В доказательство того, что он жил в этом мире, Казимир не оставил ничего, кроме своих детей. Словно подул сильный ветер и унес его имя навсегда из нашего мира.
Его смерть усилила мое намерение оставить что-нибудь после себя, чтобы все знали, что я был здесь, я жил и, прежде чем умереть, пытался создать хоть что-то, что придавало моей жизни ценность.
Ветру не удастся унести мое имя из этого мира.
Тем летом отец потерял работу на фабрике пластиковых изделий в Патерсоне, где трудился оператором станка.
Свободных вакансий на местных фабриках и в мастерских не нашлось, и единственное, что нам оставалось, – это переехать в Ньюарк, где недавно открыли несколько новых фабрик. Мы поселились в многоквартирном доме в центре города, а если точнее, в районе трущоб, носившем название Проджектс, в скопище безликих зданий, созданных из бетона и отчаяния.
День и ночь в коридорах раздавалось эхо разговоров на повышенных тонах, а сами дома стояли так близко друг к другу, что блокировали любое движение воздуха, даже если все окна были открыты. Между домами лежали узкие полоски ничейной земли с засохшими сорняками, осколками стекла, проржавевшими магазинными тележками и кучами мусора. Пьянчуги и наркоши использовали такие места в качестве бесплатных уборных. Запах, стоявший между домами, не поддавался никакому описанию. Если окна квартиры выходили на пожарную лестницу, то это считалось большой удачей, ночью можно было выбраться наружу и попытаться заснуть или просто спастись от жары, лежа на металлических решетках лестничных площадок.
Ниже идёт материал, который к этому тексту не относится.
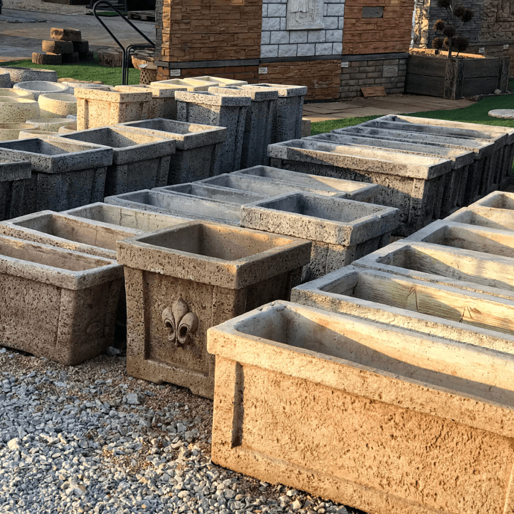 Kis méretű, télálló kerti váza kő hatású felületképzéssel.
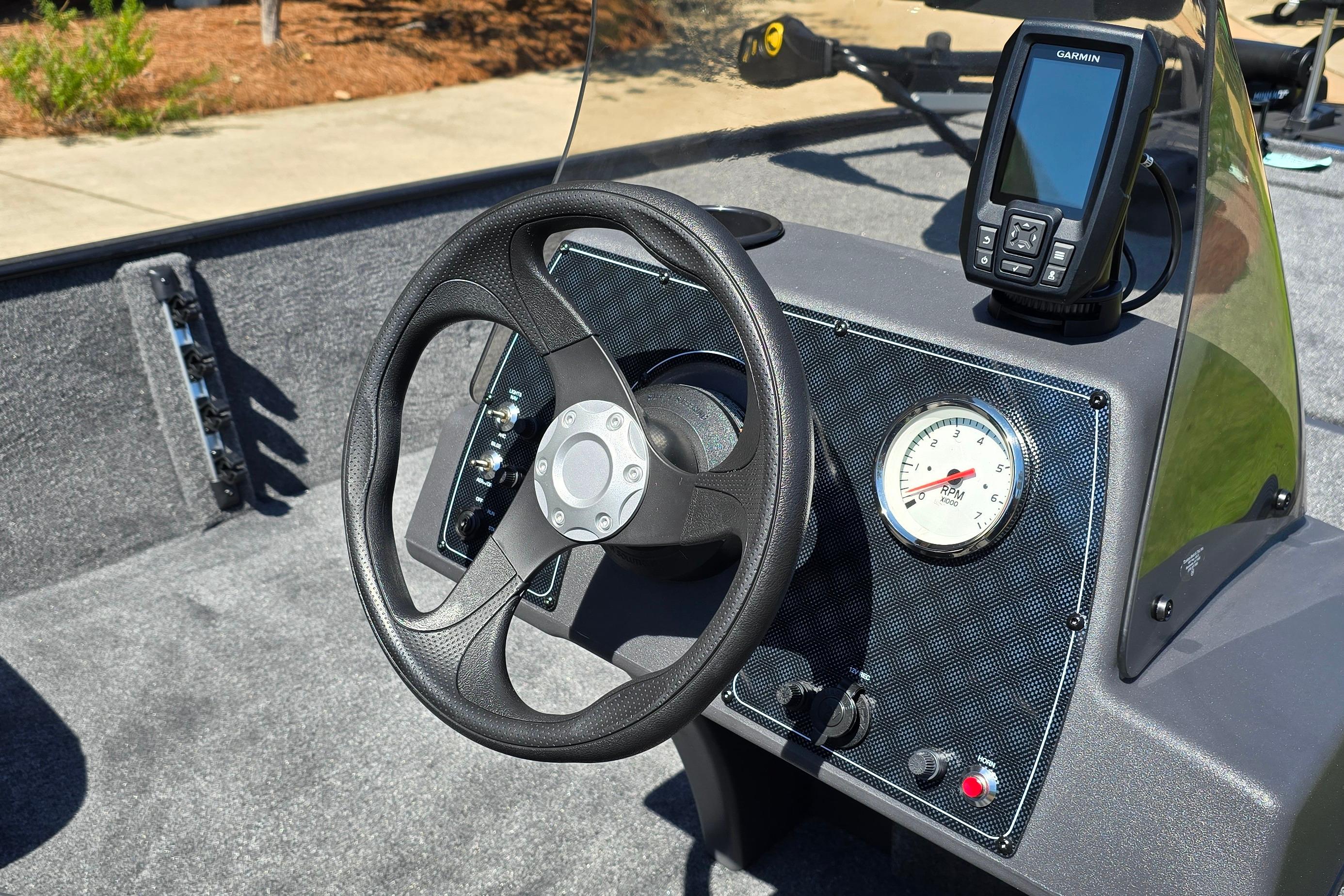 • 1-piece rotomolded console w/tinted windscreen, integrated livewell, drink holder & 12V outlet
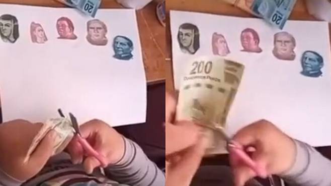 A 씨가 방에 들어갔을 때 딸은 500페소(약 3만 원), 100페소(약 6,000원), 20페소(약 1,300원) 등 지폐 5장에 등장하는 인물들을 오려내 종이에 붙여놓은 상태였습니다.
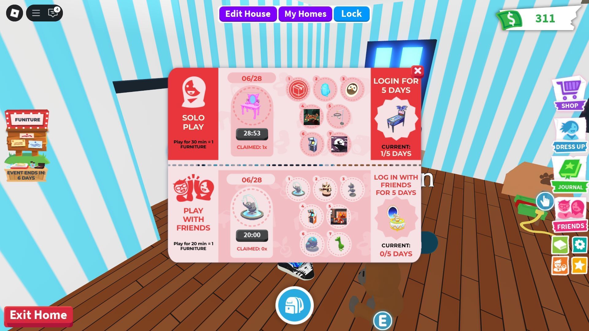 The Furniture Delivery update is primarily about giving all players access to various pieces of furniture across a period of seven days. This update includes two types of login rewards: Solo Rewards and Play with Friends Rewards. Starting from June 27, 2025, a new kind of furniture is set as the featured item of the day for each type. Once the day ends, a new item takes its place, making each inclusion available for 24 hours only.
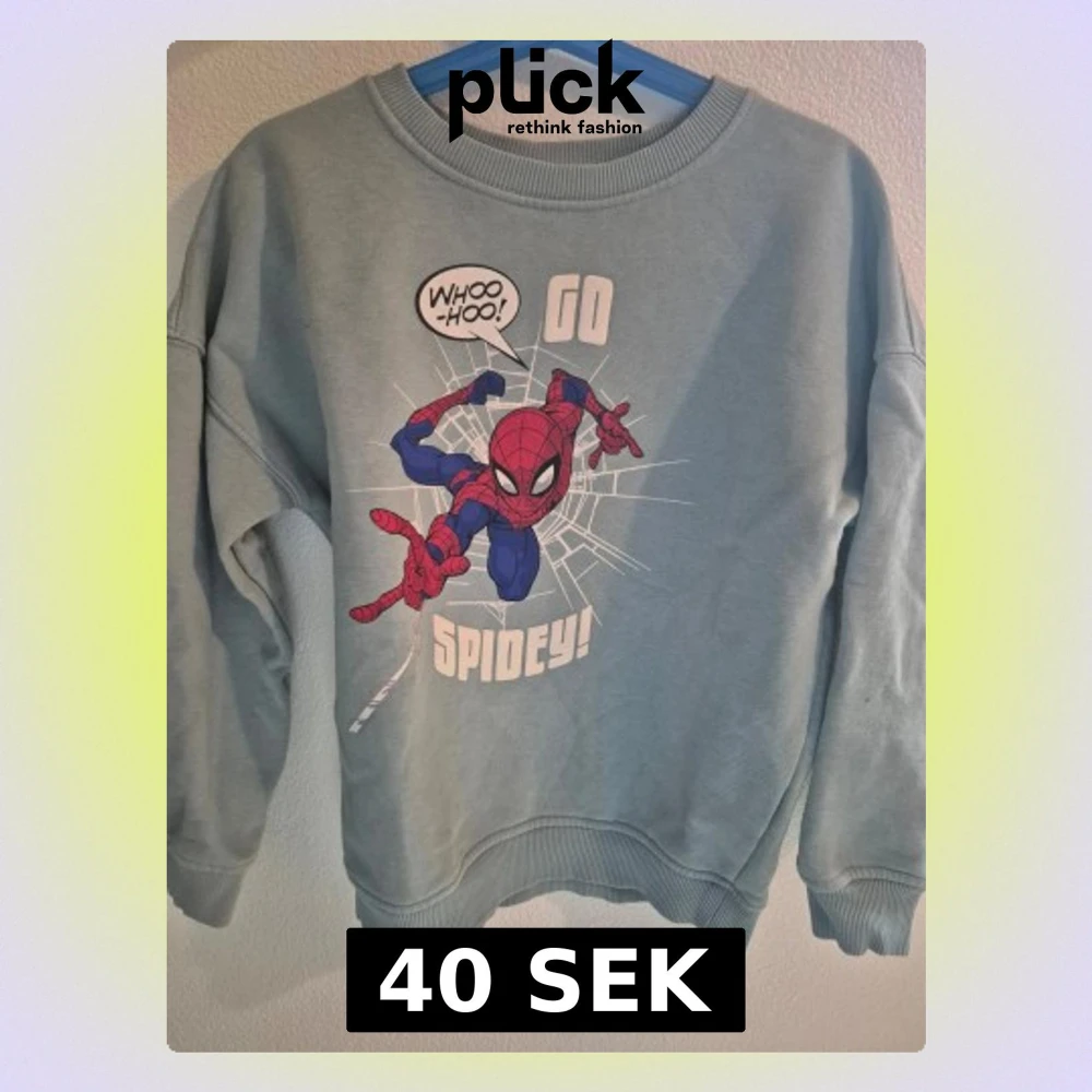 Cool blå sweatshirt med Spiderman-tryck och texten 'GO SPIDEY!'. Tröjan har rund hals och långa ärmar, perfekt för dig som gillar Marvel och vill sticka ut med en färgglad och bekväm tröja.
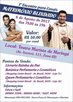 Padre Chrystian Shankar estará em Maringá no dia 06 de agosto para ministrar um encontro para casais com a temática “Casamento blindado”. O evento será realizado no Teatro Marista das 7h30 às 19h.Outras informações podem ser obtidas pelo watss: 044 9 9964 33 94.Veja aqui uma das palestras do pad...
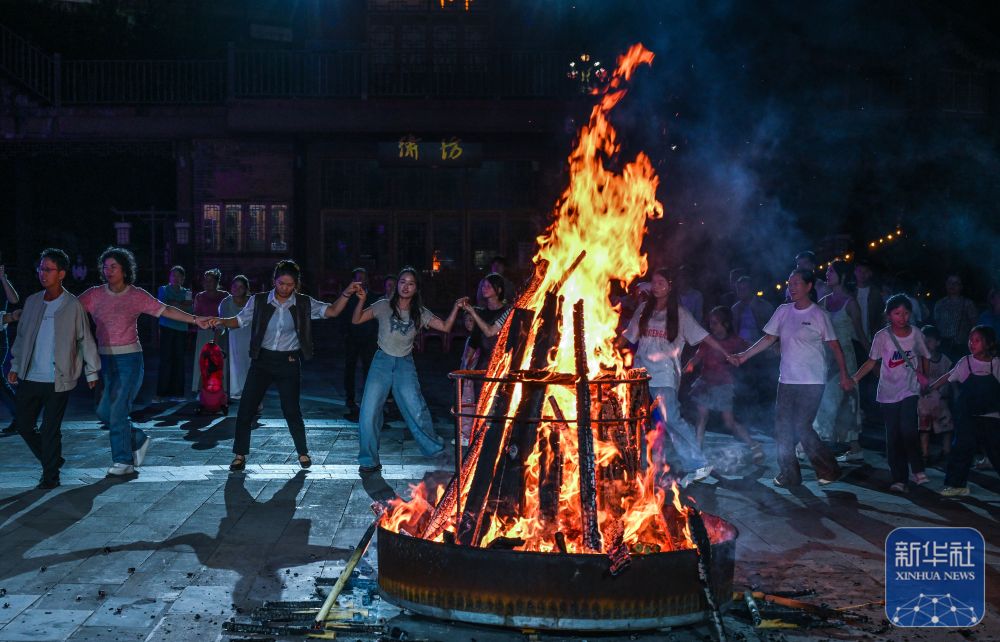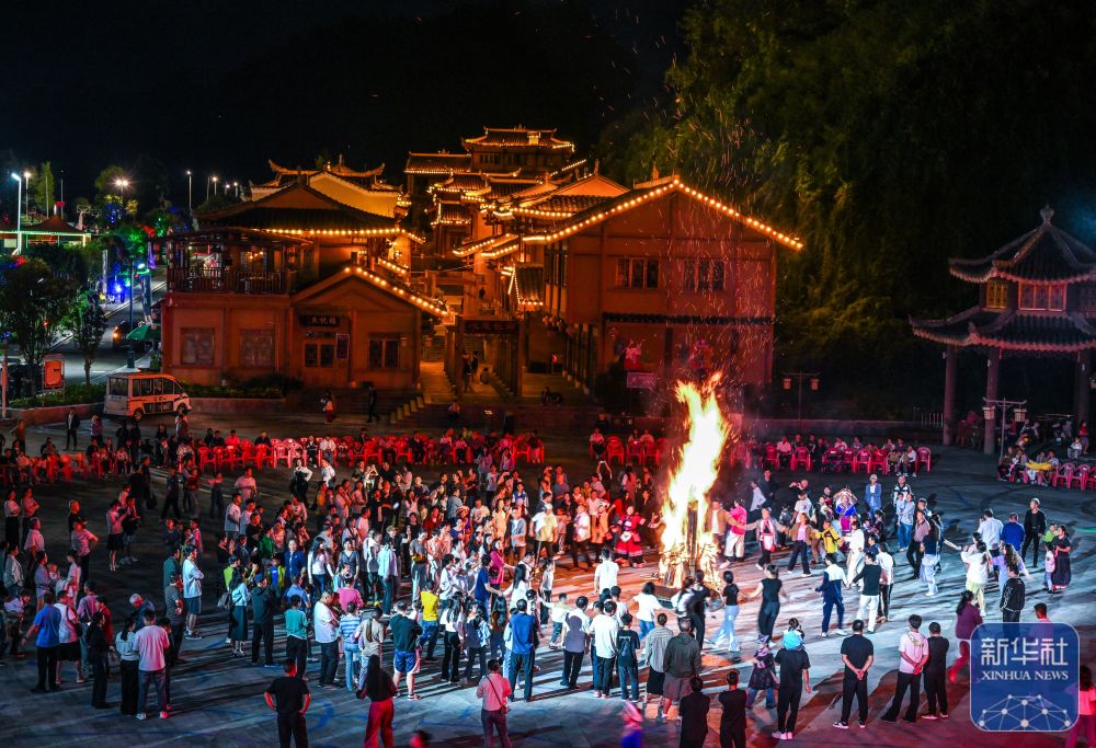 ↑ 10月5日晚,在貴州省晴隆縣阿妹戚托小鎮(zhèn),游客與當?shù)厝罕妵艋鸸参?。新華社記者 楊文斌 攝

На улице же постоянно раздавался вой сирен полицейских машин, по которым можно было понять, где произошла очередная уличная драка, и какофония автомобильных клаксонов, которые никак не могли найти нужную, общую для всех тональность даже в четыре часа утра.
ВЕТРУ НЕ УДАСТСЯ УНЕСТИ МОЕ ИМЯ ИЗ ЭТОГО МИРА.
Место было мало того что просто ужасным, так еще и для оплаты жилья нам пришлось расстаться почти со всеми деньгами, и теперь нам не хватало даже на еду. Мы постоянно ходили голодными. На завтрак мы ели хлеб, вымоченный в молоке, а вечером нам давали так называемый томатный суп, приготовленный из кетчупа, разбавленного теплой водой. Яйца и бекон в холодильнике предназначались исключительно отцу, которому нужно было плотно питаться перед выходом на работу. Отец редко ужинал дома, поскольку предпочитал питаться в барах во время «счастливых часов»[11].
Обстановка на улицах Ньюарка была накалена до крайности: афроамериканцы боролись за свои гражданские права против отрядов полиции, которые были готовы жестоко подавлять все, что гипотетически могло переродиться в организованное сопротивление властям.